◆ ENTRIES PROVIDED

=-=-=

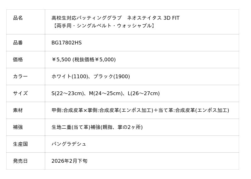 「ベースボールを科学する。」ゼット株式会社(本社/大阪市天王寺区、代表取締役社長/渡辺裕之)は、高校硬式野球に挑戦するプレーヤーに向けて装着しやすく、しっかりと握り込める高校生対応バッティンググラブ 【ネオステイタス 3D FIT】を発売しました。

=-=-=

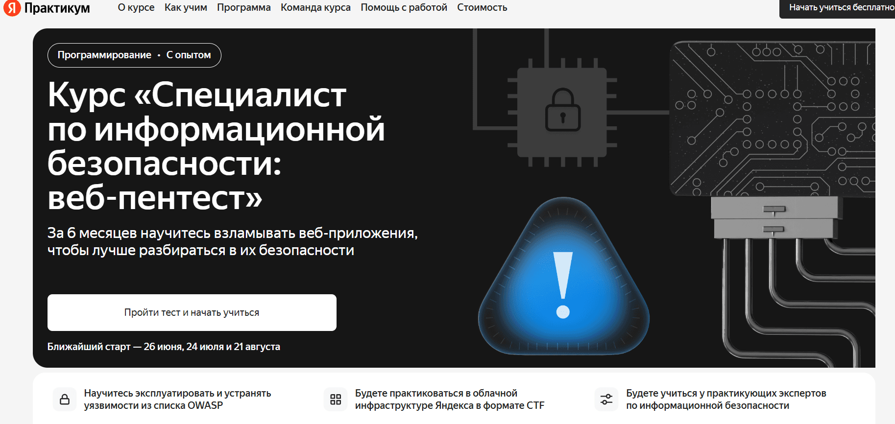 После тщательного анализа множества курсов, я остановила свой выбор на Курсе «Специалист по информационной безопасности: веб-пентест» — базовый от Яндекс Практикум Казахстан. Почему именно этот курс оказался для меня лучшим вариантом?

=-=-=

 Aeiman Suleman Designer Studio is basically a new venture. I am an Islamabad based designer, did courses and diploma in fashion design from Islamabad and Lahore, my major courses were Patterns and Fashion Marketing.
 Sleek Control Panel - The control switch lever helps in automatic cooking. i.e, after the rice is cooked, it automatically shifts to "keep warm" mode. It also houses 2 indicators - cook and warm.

=-=-=

For this exercise, output exactly the lines above from the line with "Aeiman Suleman Designer" to the line with "Sleek Control Panel", counting both, and leave out the rest.

◆ RESULT BELOW
 Aeiman Suleman Designer Studio is basically a new venture. I am an Islamabad based designer, did courses and diploma in fashion design from Islamabad and Lahore, my major courses were Patterns and Fashion Marketing.
 Sleek Control Panel - The control switch lever helps in automatic cooking. i.e, after the rice is cooked, it automatically shifts to "keep warm" mode. It also houses 2 indicators - cook and warm.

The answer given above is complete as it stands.